Search warrants in King City cop corruption case will remain sealed for now.


by Mary Duan

A Monterey County Superior Court judge has agreed to keep search warrants served on the King City Police Department, a police sergeant and a city technology contractor sealed for another 90 days as investigation into apparent widespread police corruption in that city continues.
The warrants, served on the Soledad home of Sgt. Bobby Carrillo, King City Police headquarters and the King City home of IT consultant Ken Tippery on Jan. 17 were due to be unsealed April 20. But Chief Assistant District Attorney Terry Spitz confirmed DA investigators requested the 90-day clock be reset on April 14, citing the ongoing investigation.
The Jan. 17 warrant service came more than a month before DA investigators, backed by Monterey County Sheriff's deputies, FBI agents and Salinas police, went on a pre-dawn raid Feb. 25 and arrested the acting police chief, the former police chief, the acting chief's brother and two King City cops—including Carrillo—on a variety of charges. A third officer surrendered later at the sheriff's office.
Carrillo, along with Acting Chief Bruce Miller and his brother, Miller's Towing owner Brian Miller, allegedly engaged in an ongoing scheme to tow and impound vehicles that Carrillo pulled over while on duty.

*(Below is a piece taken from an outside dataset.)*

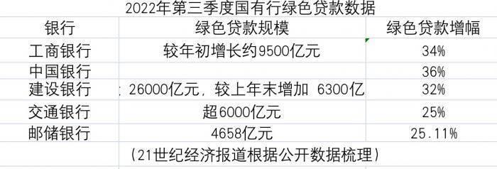 据21世纪经济报道记者根据上市银行三季报不完全统计,截至10月28日,包括工商银行、中国银行、建设银行、交通银行、邮政储蓄银行五家国有大行公布了相关数据情况,绿色贷款增幅均在25%以上。

Prosecutors allege Carrillo targeted impoverished, undocumented Latinos in the scheme—on the theory the victims would be too frightened of deportation or other backlash to complain—seizing their cars and swinging the towing and impound business to Brian Miller.

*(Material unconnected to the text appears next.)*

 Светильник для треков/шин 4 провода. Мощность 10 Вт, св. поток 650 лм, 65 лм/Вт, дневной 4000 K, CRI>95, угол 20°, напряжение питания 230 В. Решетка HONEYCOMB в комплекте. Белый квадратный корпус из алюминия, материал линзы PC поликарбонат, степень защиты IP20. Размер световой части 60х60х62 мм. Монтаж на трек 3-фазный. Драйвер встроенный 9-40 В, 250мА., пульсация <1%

When the victims couldn't afford to retrieve their cars from impound, they were sold. Prosecutors claim that for every 10 or 15 cars Carrillo had towed, Brian Miller kicked one back to him for free. In all, they say Carrillo seized upwards of 200 cars.
Brian Miller has been charged with conspiracy and bribery, while Bruce Miller is accused of accepting a bribe—one of the towed and impounded cars. Carrillo is charged with conspiracy, accepting a bribe and bribing an executive officer.
Other officers arrested that day on charges unrelated to the towing scheme are Jaime Andrade (charged with possession of an assault weapon and illegal storage of a firearm); Mark Allen Baker (making criminal threats against a citizen); and Mario Alonso Mottu Sr. (embezzlement, related to a department owned vehicle allegedly transferred to him by former Chief Nick Baldiviez, who's also charged with embezzlement).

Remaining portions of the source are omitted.